> [GIVEN INFORMATION]:
───

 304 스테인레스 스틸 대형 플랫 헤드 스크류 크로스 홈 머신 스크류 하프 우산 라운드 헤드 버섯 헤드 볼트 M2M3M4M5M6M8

───

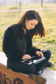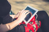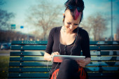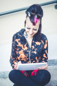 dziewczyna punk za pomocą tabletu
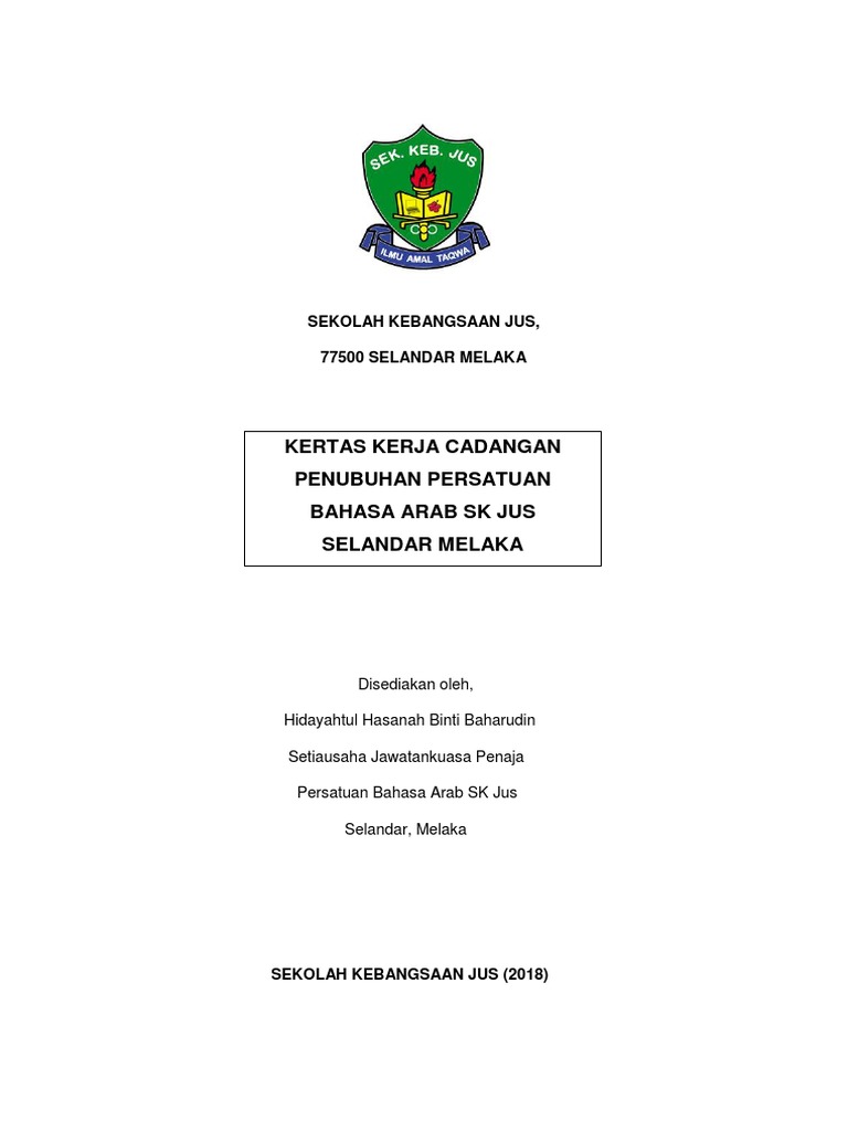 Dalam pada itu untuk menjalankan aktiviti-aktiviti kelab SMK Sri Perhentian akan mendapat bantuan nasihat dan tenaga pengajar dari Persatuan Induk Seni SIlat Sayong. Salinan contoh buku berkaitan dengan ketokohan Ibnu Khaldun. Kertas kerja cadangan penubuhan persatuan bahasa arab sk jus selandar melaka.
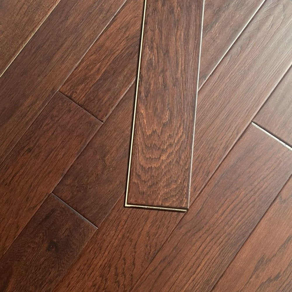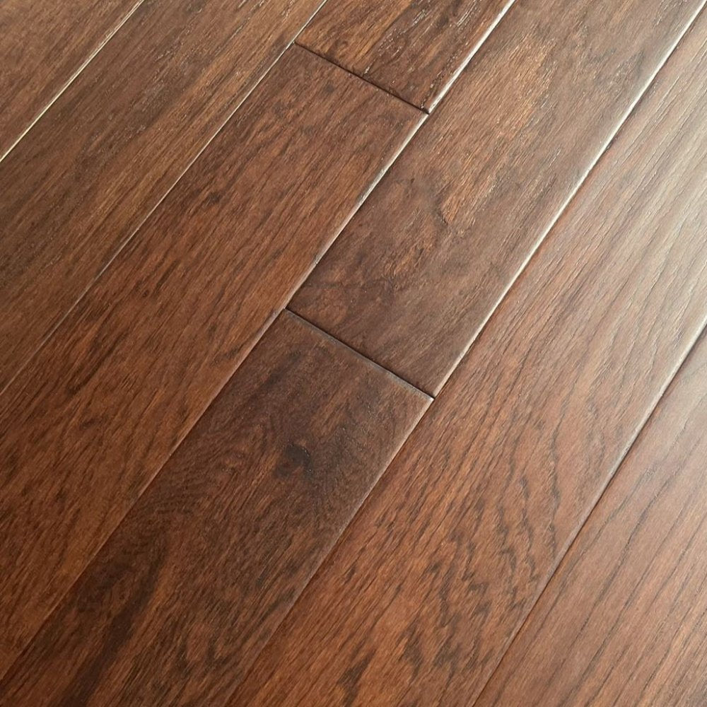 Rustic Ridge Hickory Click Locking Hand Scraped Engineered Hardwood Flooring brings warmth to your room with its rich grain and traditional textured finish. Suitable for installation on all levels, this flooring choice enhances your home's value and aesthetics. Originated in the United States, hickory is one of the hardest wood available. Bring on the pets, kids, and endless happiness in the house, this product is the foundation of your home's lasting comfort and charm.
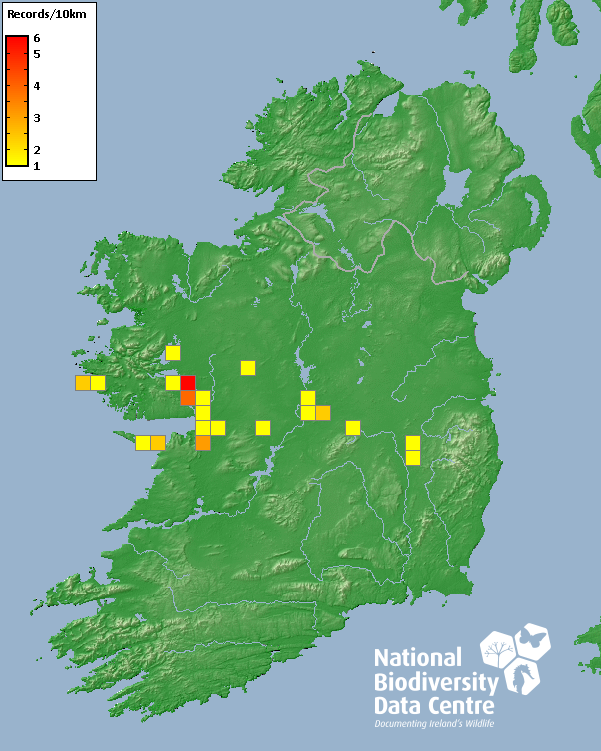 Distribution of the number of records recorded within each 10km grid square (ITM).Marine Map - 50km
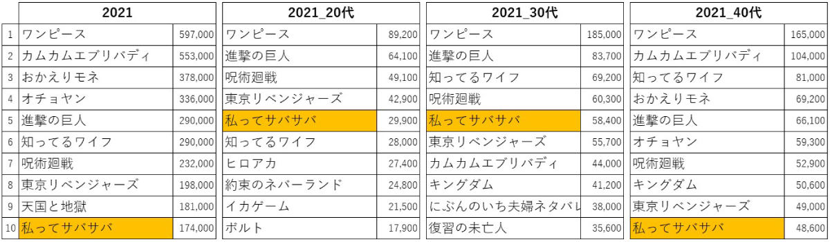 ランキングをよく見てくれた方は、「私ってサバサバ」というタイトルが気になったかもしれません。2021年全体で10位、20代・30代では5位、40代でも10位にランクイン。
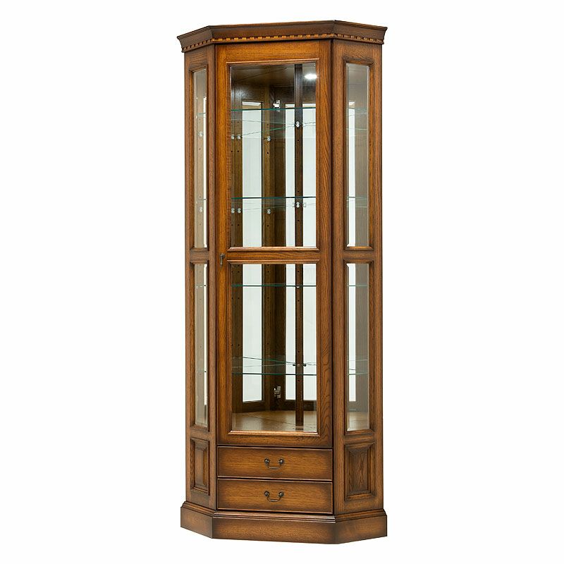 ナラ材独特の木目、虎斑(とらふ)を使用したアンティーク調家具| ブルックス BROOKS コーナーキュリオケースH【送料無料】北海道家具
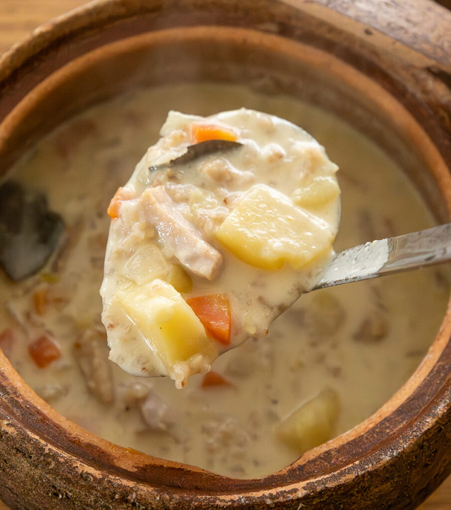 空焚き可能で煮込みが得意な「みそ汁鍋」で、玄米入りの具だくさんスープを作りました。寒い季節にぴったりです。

───

> [EXERCISE PROMPT]: Find the line with "ランキングをよく見てくれた方" in the entries above. Set down exactly every line from it up to and including the line with "空焚き可能で煮込みが得意な「", images excluded.

> [OUTPUT FOR THIS TASK]:
 ランキングをよく見てくれた方は、「私ってサバサバ」というタイトルが気になったかもしれません。2021年全体で10位、20代・30代では5位、40代でも10位にランクイン。
 ナラ材独特の木目、虎斑(とらふ)を使用したアンティーク調家具| ブルックス BROOKS コーナーキュリオケースH【送料無料】北海道家具
 空焚き可能で煮込みが得意な「みそ汁鍋」で、玄米入りの具だくさんスープを作りました。寒い季節にぴったりです。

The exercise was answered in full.